JWatts January 27, 2012 at 3:22 pm

“Whoever’s left to think about it in 100 years, on their tropical plantations in Nunavut and Tierra del Fuego, will wonder at the ostrichlike insistence of today’s populace that we can ignore all of the scientific knowledge of the consequences of pumping CO2 into the air. The basic facts have been known for over a century.”

This shows a really poor understanding of the science. You’ve been watching too many Hollywood movies.

Foster Boondoggle January 27, 2012 at 3:53 pm

JWatts, is this you: http://en.wikipedia.org/wiki/James_G._Watt?

How’s that rapture thing working out?

msgkings January 27, 2012 at 4:40 pm

Not taking a side here, but I loved being reminded of all the ridiculousness of Secretary Watt. Like, if you put him in a movie as some kind of villain you’d be laughed at for such a preposterous caricature.

More evidence backing my quixotic desire for IQ minimums for high level federal officials (and voters).

The Other Jim January 27, 2012 at 8:20 pm

“More evidence backing my quixotic desire for IQ minimums for high level federal officials (and voters).”

That would be shot down as racist.
And I wish I was kidding.

Willitts January 28, 2012 at 3:30 am

I will take my chances with the consequences of global warming over the machinations of global socialists. Humans survived an ice age, I’m sure we will survive a tropical heat wave. We won’t survive letting people like you being in charge.

No, you are definitely not a lawyer. Restrictions on interstate commerce are illegal. This doesn’t create a “level playing field.” It imposes a ridiculous restriction on operations within one state on operations in another. It is economically identical to imposing a tax on goods imported from another state.

Roy January 28, 2012 at 8:41 am

You’ve got to be kidding, it is ignorant buffoons like you that are the reason so many people deny global warming has already happened. There is no basis for tropical climes in Nunavut or Tierra del Fuego, and even James Hanson and Michael Mann will agree with me on this. You clearly know nothing about the science at all.

JorgeW January 27, 2012 at 1:49 pm

While there are many math whiz-types in the profession, Deirdre McCloskey is one of the few deep thinkers that we have in economics.
Basically she says that the profession has over-focused on models of prudence = Max U, but that models of behavior should also study the role of these other virtues.
What the article fails to mention is that this idea arises from her redescovering her Christian faith.
Also, empiricists better read one of her papers of the misuse of statistical significance.
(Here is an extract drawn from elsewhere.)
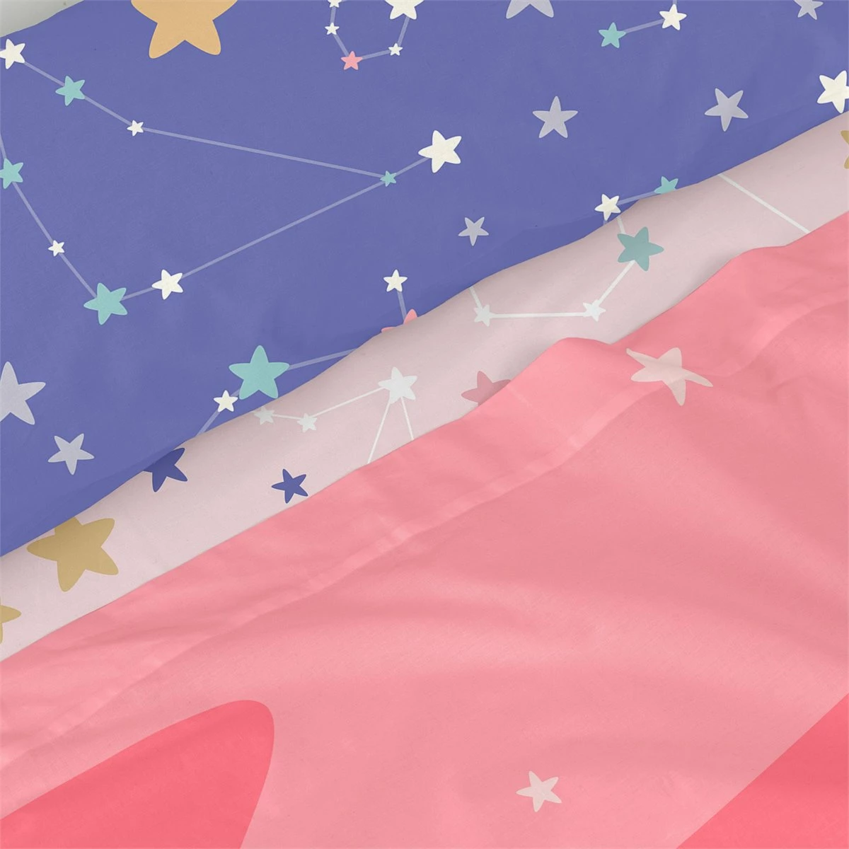 Viste la habitación de tu hijo con los tonos relajantes y las adorables ilustraciones de la sábana Moon Dream de la colección Happynois. La luna llena los vigilará todas las noches mientras brilla en un cielo rosado y brillante.Esta sábana suave y ligera de algodón 100% se puede mezclar y combinar con otros productos de la misma colección, e incluye una funda de almohada estampada.Bajera no incluida.Disponible en las siguientes tallas: * 160×270 [ Cama 90 ] (incluye funda de almohada estampada 45×110. * 180×270 [ Cama 105 ] (incluye funda de almohada estampada 45×125.

mw January 27, 2012 at 3:08 pm
Richard Reithner January 27, 2012 at 4:22 pm

Hi Tyler, love reading your site … sorry to bother you in this forum, but I found a little problem, and MR lacks a link at the bottom to report technical issues with the website. It arose when I was trying to look at past Assorted Links posts for a specific post I wanted to find from a few months ago. I noticed they are in category Uncategorized, so I selected that category to view. The first page worked fine but when I tried to look at previous entries the link took me to marginalrevolution/page/2 instead of marginalrevolution/uncategorized/page/2. I tried typing the correct url but that didn’t work either. I thought you should know. Good luck in all things!

TGGP January 28, 2012 at 1:51 pm

#2 fails to mention Greg Clark’s competing theory of the Industrial Revolution, which McCloskey rejected in a review I found puzzling (as did Greg Clark).